▸ Data extracts

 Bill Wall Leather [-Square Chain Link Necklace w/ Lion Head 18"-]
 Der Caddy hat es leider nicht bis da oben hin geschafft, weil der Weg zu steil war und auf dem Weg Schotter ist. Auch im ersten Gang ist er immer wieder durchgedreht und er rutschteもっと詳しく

...

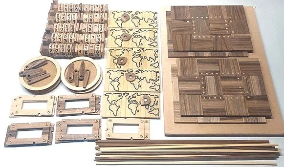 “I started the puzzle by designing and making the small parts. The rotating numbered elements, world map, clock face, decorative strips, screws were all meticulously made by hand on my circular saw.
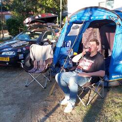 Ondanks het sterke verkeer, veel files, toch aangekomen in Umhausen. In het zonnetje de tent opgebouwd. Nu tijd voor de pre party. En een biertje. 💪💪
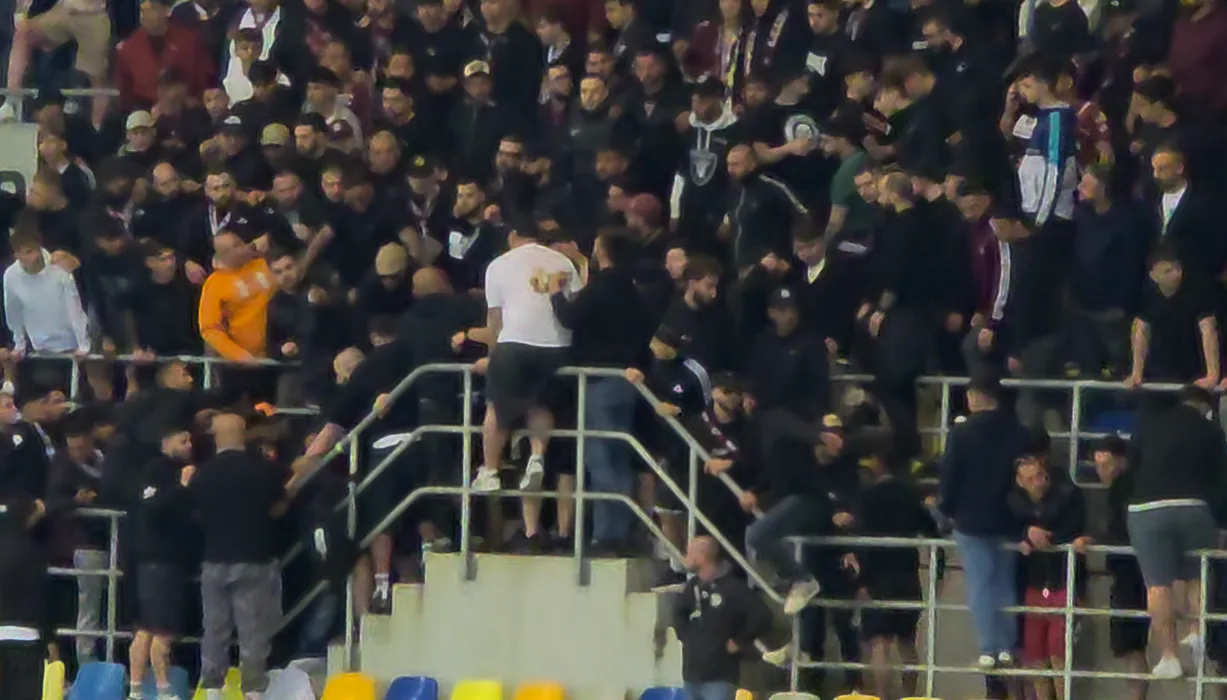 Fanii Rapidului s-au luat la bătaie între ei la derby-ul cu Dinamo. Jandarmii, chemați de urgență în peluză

▸ About this exercise
Wherever the line holding "Bill Wall Leather" falls in the entries above, copy exactly from it through the line holding "Der Caddy hat", inclusive, and add nothing.

▸ Output for this task
 Bill Wall Leather [-Square Chain Link Necklace w/ Lion Head 18"-]
 Der Caddy hat es leider nicht bis da oben hin geschafft, weil der Weg zu steil war und auf dem Weg Schotter ist. Auch im ersten Gang ist er immer wieder durchgedreht und er rutschteもっと詳しく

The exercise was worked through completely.